CFTC Charges Bitcoin Fund with Fraud and Failure to Register

The CFTC filed a civil enforcement action against a South African investment fund and its CEO for an allegedly fraudulent scheme that raised over $1.7 billion worth of Bitcoin from the public.

Before the United States District Court, Western District of Texas, the CFTC alleged that the CEO used various websites and social media to fraudulently solicit bitcoin from public participants across the world to participate in a commodity pool. The CFTC asserted that the commodity pool conducted a variety of financial transactions with public participants, who were not eligible contract participants. The CFTC alleged that of the public participants at least 23,000 were from the United States. Additionally, the CFTC stated that the company and the CEO were not appropriately registered with the CFTC.

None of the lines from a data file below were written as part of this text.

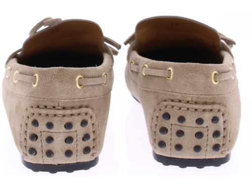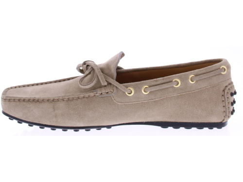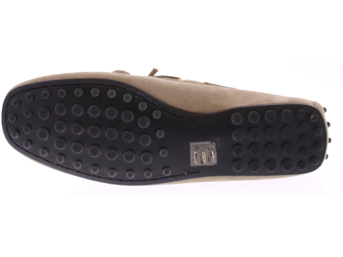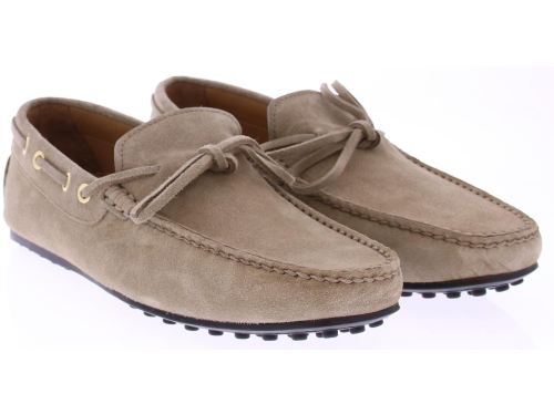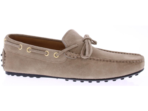 Taupe-kleurige suede heren instapper van Valdorini. Deze schoen komt op een rubberen zool met nopjes en heeft een touwtje rondom lopen, zoals bij een bootschoen.
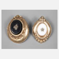 2. Hälfte 19. Jh., wohl Neapel, Messing, 1) mit Muschelkamee, mit dem Bildnis eines antiken Kriegers, auch als Anhänger zu tragen, Maße ca. 31 x 25 cm, 2) mit Kamee aus leicht marmorierter Glaspaste mit antikisierenden Damenportrait, Maße ca. 35 x 29 mm, unterschiedliche Erhaltungen.
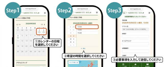 ご予約後、もみの木ハウスより確認とイベント会場のお知らせをメールでお送りいたします。

The CFTC charged that the fund and its CEO violated:

  • CEA Sections 2(c)(2)(C)(iii)(I)(cc) ("Jurisdiction of Commission"), 4b(a)(2)(A)-(C) ("Contracts Designed to Defraud or Mislead"), 4k(2) ("Registration of Associates of Futures Commission Merchants, Commodity Pool Operators, and Commodity Trading Advisors"), 4m(1) ("Use of Mails or Other Means or Instrumentalities of Interstate Commerce by Commodity Trading Advisors and Commodity Pool Operators") and 4o(1)(A)-(B) ("Fraud and Misrepresentation by Commodity Trading Advisors, Commodity Pool Operators, and Associated Persons"); and

  • CFTC Rule 4.20(a)(1), (b) and (c) ("Prohibited Activities"), 5.2(b)(1)-(3) ("Prohibited Transactions") and 5.3(a)(2)(i), (ii) ("Registration of Persons Engaged in Retail Forex Transactions").

The CFTC is seeking (i) full restitution to defrauded investors, (ii) disgorgement of ill-gotten gains, (iii) civil monetary penalties, (iv) permanent registration and trading bans and (v) a permanent injunction against future violations of the CEA and CFTC Rules.